Boquete seeking U.S. residency to end immigration limbo
BY ALFONSO CHARDY
achardy@MiamiHerald.com
Orlando Boquete, a Mariel refugee erroneously convicted of sexual assault and threatened with deportation to Cuba, is now trying to become a permanent U.S. resident, which would make him eligible for citizenship.
A Miami attorney who represents Boquete, a Cudjoe Key resident, has filed papers with a Department of Homeland Security immigration agency and is hopeful his client will eventually receive a green card.

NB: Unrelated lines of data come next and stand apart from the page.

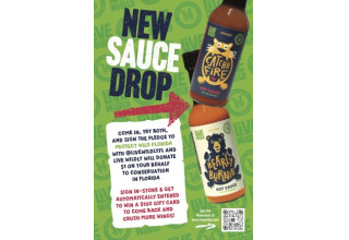 Each bottle of sauce features the Live Wildly Pledge to protect wild Florida along with a QR code that links customers to the Live Wildly website where they can learn more about conservation efforts across the state and sign the pledge themselves.
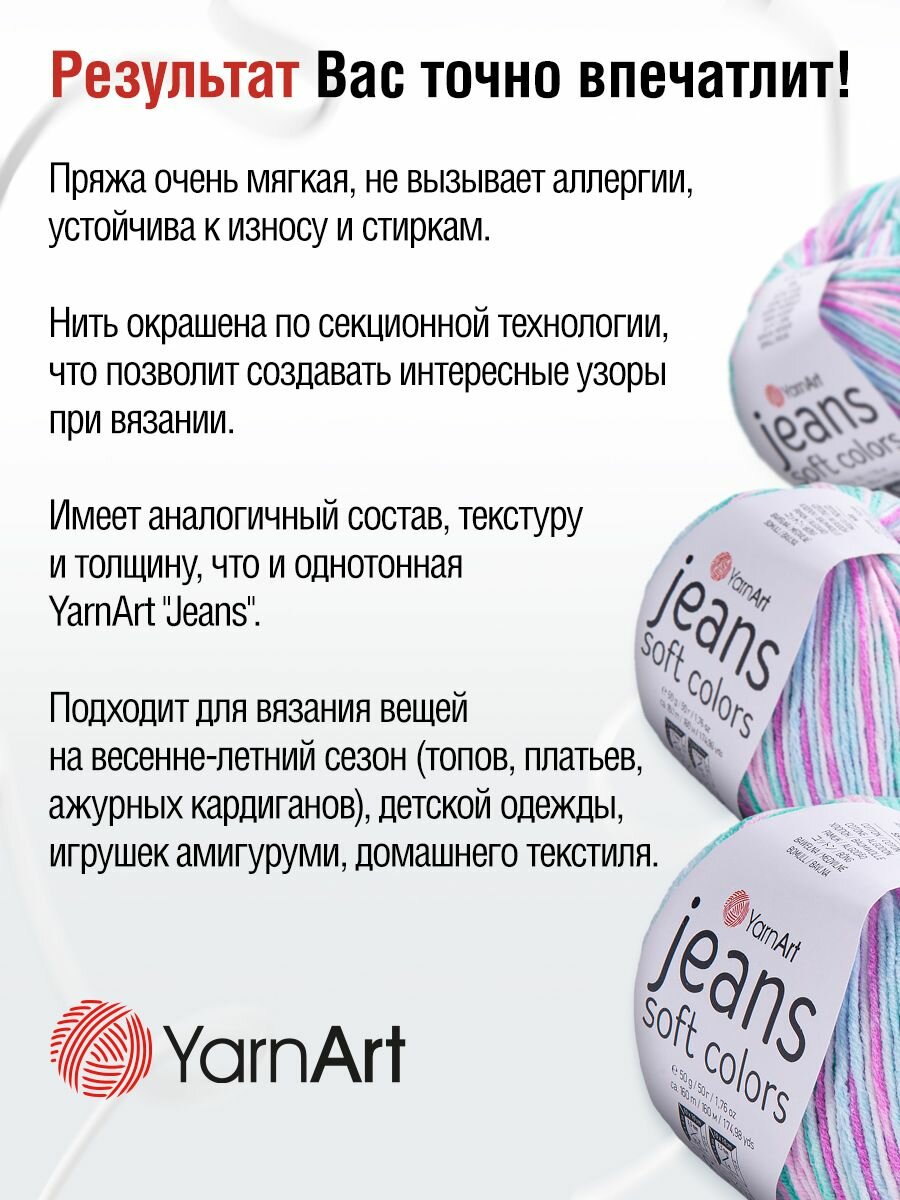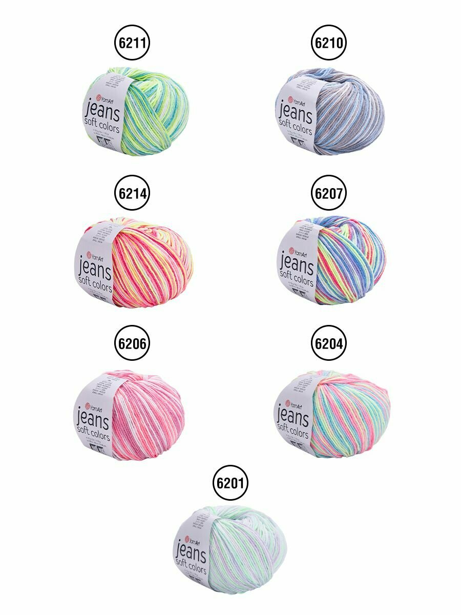 Отзывы на Пряжа YarnArt "Jeans Soft Colors", 50 гр 160 м, 55% хлопок, 45% акрил, 6202 секционный, 10 шт
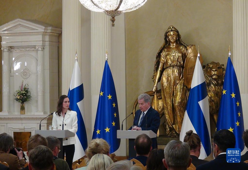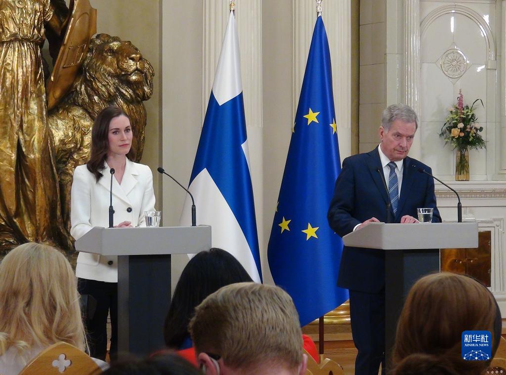 5月15日,在芬兰赫尔辛基,芬兰总统尼尼斯托(右)和总理马林参加联合记者会。新华社记者 陈静 摄
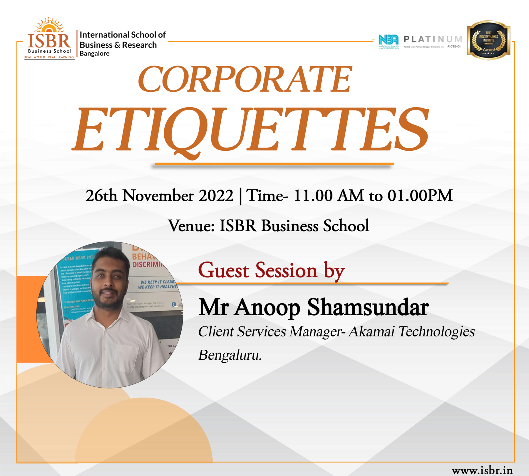 In this talk, Mr. Anoop addresses the concept of corporate etiquette. It refers to how an individual should behave while at work. Each one needs to maintain the decorum of the organization. It consists of a set of rules an individual must follow while at work. It conveys how an individual must behave sensibly and appropriately at the workplace to create an everlasting impression.
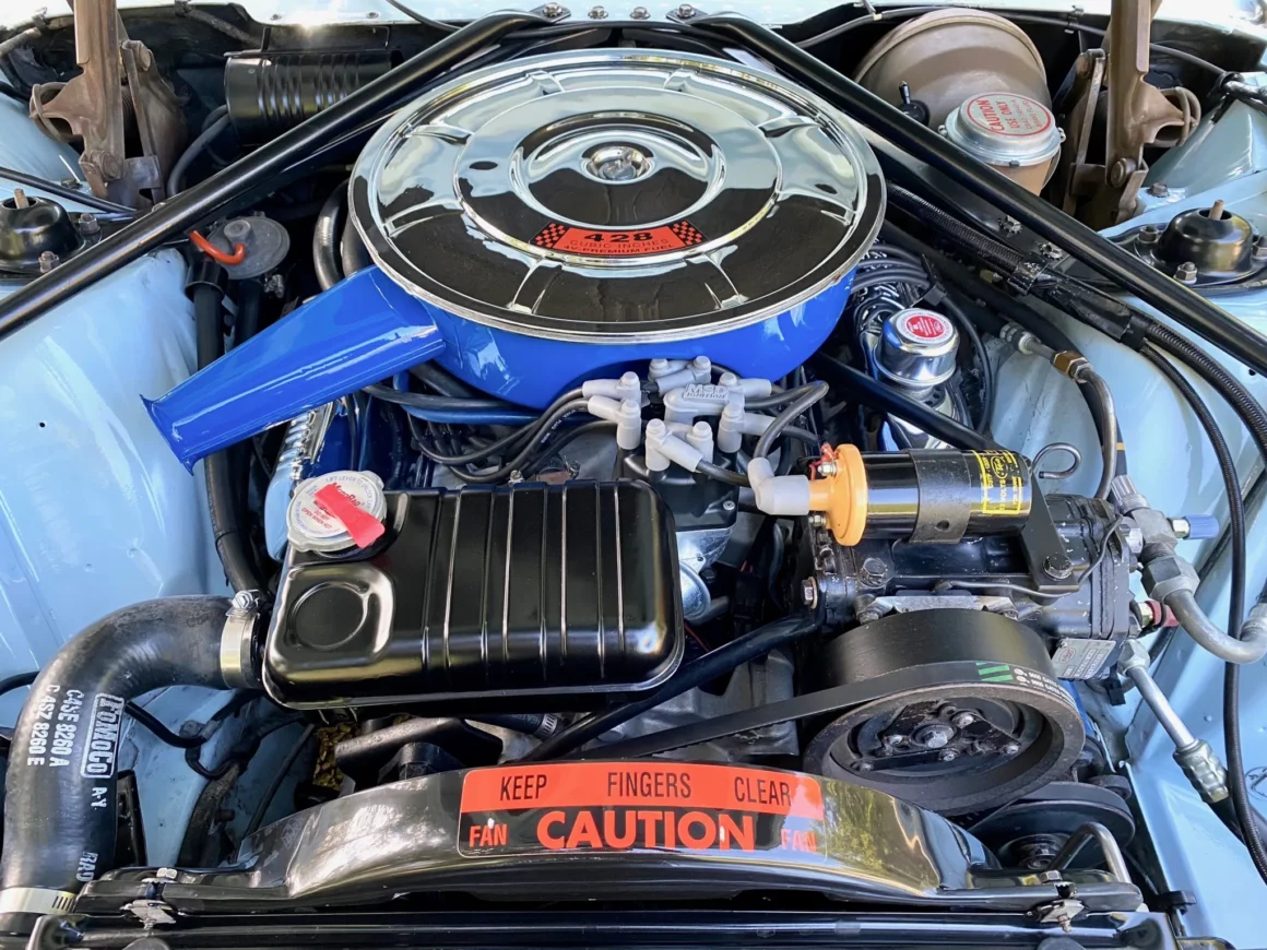 Le V8 428ci Q-code avait été évalué à 345 chevaux à 4 600 tr/min et 462 lb-pi de couple à 2 800 tr/min lorsqu’il était neuf. Le carburateur à quatre barils porte une étiquette estampillée Ford, et d’autres caractéristiques comprennent un système d’allumage MSD, une pompe à eau Edelbrock, un couvercle de purificateur d’air, des couvercles de soupape chromés, des embases shorty revêtues de céramique et des silencieux MagnaFlow.

If the effort succeeds, it would end Boquete's immigration limbo. As long as he remains deportable, Boquete cannot travel abroad, get a green card or citizenship, and could find himself on a deportation flight to Cuba if relations with Havana were normalized.
Though Cuba deportations are currently limited to special cases, the advent of President Barack Obama's efforts to cool tensions with Havana have spurred thousands of deportable Cubans to shield themselves legally against removal.
``I am optimistic, because I believe Immigration will show compassion toward me and will afford me the opportunity to become a permanent resident and be able to organize my life better,'' Boquete told El Nuevo Herald on Wednesday.
Tal Winer, Boquete's attorney at Miami-based Florida Immigrant Advocacy Center, began the green card process this past weekend.
Winer sent to U.S. Citizenship and Immigration Services by overnight mail two separate applications designed to help his client regularize his status.
The applications include a request for permanent residence under the Cuban Adjustment Act and a request for a waiver of the grounds under which Boquete could be deported. Those include convictions for crimes he allegedly committed after escaping from prison where he was doing time for the sexual assault conviction.
Winer's package included a letter on Boquete's behalf signed by former U.S. Attorney General Janet Reno.
``While no official action can give him back those years, allowing him to earn a living and rebuild his life in his adopted country as a permanent resident without facing continued uncertainty about the risk that he will be deported, is an important step,'' Reno wrote.
Winer said he expects U.S. Citizenship and Immigration Services to take several months to decide Boquete's case.
The case hit the headlines in 2006 when DNA exonerated Boquete of the 1983 sexual assault conviction. He was freed with the help of the Innocence Project -- only to be detained again by immigration authorities.
He was eventually freed from Krome detention center after his lawyers struck a deal with federal officials that deferred deportation and required periodic reporting to Immigration and Customs Enforcement.